General Information Overview

Young workers, ages 14 to 25, face a greater risk of injury and death in the workplace. Youth in the workplace generally have less job experience, do not receive proper job training, and might be hesitant to ask questions about safety. These factors all contribute to higher rates of injury and death among young workers.

Read below for information on young worker rights, child labor laws, and what others can do to help prevent young worker injury and death. For publications, videos, and training on young worker safety check out the Young Worker topic page.

Young workers have influence in the workplace and the right to speak up about risks in the workplace. All laws in Oregon about workplace safety and regulation apply to young workers.

Young workers must be paid at least minimum wage; must receive a 15-minute break every four hours; and must receive a 30-minute meal break when working six or more hours.

Also, there are limitations on the hours and types of jobs that young workers can do. See the chart for the number of hours that young workers ages 14 and 15 and 16 and 17 can work when school is and is not in session.

hours teens can work when school is or is not in session. Age 14-15, 3 hours per day, 18 hours per week when school is in session. 8 hours a day, 40 hours a week when school is not in session. Age 16-17, no daily limit and 44 hours per week when school is or is not in session. 

There are also limits on the types of jobs that young workers can do.

A few of the jobs you can’t do if you’re younger than 18 years old:

  • Work with power-driven machinery
  • Logging or work in sawmills
  • Work with saws or nail guns
  • Messenger services between 10 p.m. and 5 a.m.

A few of the jobs you can’t do if you are under 16 years old:

  • Workshop or warehouse jobs
  • Cooking with an open flame or bakery oven
  • Woodcutting or sawing
  • Work on ladders or scaffolding

For more information on jobs restrictions for workers under 18 and other child labor laws, visit the Oregon BOLI website.

Empower the young workers around you; injury and death of young workers can be prevented by speaking up about risks in the workplace.

Working too quickly

Doing work you're not trained to do

Incorrectly using tools and equipment

Being under the influence of drugs/alcohol

Working for long periods without supervision

​Employers have a responsibility to provide a safe workplace for young workers age 14 to 25 years old. The risk of injury or death is higher for young workers, especially during their first years of work. Young workers may be less likely to ask questions or bring up safety issues in an effort to prove themselves. To prevent safety concerns, employers should train employees in a language they understand, encourage questions, label equipment that minors cannot use, and give instructions on what workers should do if they are injured.

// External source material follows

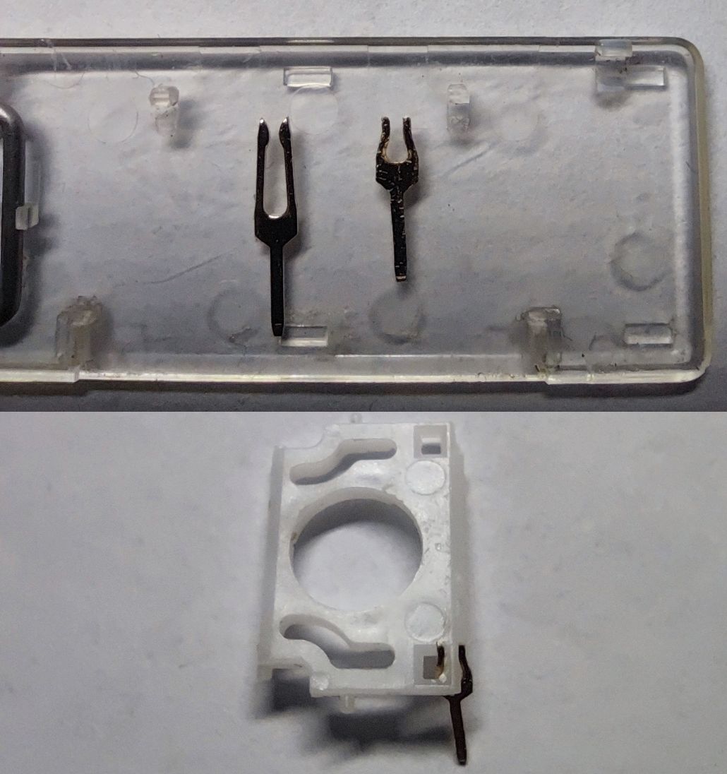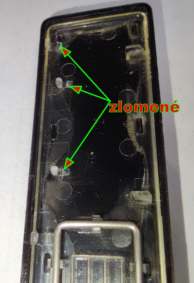 Transparentní část šla vytáhnout, protože byla přilepená na oboustranné pásce. Tu packu nahradím celou s tím, že tam vyvrtám dírku a upevním tam nové packy, udělané z řadového konektoru, což by mohlo stačit. Ta umělá hmota bude trpět vůči tomu kovu, ale pokud se to příště rozpadne, tak už to tolik nebude mrzet.
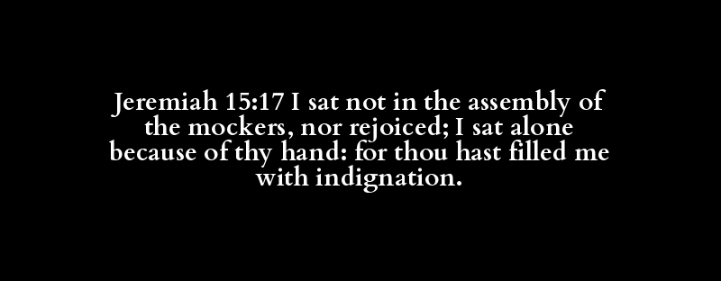 Jeremiah 15:17 I sat not in the assembly of the mockers, nor rejoiced; I sat alone because of thy hand: for thou hast filled me with indignation.

Employers must also obtain an Employment Certificate to employ workers ages 14 to 17. This certificate must be updated annually.

For more resources and publications on young workers, visit our Young Worker topic page​.​

​Young worker injury and death can be prevented through awareness and education. Parents should ask their children questions about their workplace and be on the lookout for red flags. Help your child be more aware of potential risks in the workplace, and encourage them to speak up if they feel unsafe or notice a workplace hazard. For information and resources, visit the Young Worker topic page.

Many young workers start their first job in high school. Educators have a unique opportunity to reach this group and inform them of workplace safety. Find resources and teaching curriculum on the Young Worker topic page​.

​Young workers are a valuable force in the workplace, and safety for young workers is important to OSHA. Read below to learn eight tips on how to stay safe at work.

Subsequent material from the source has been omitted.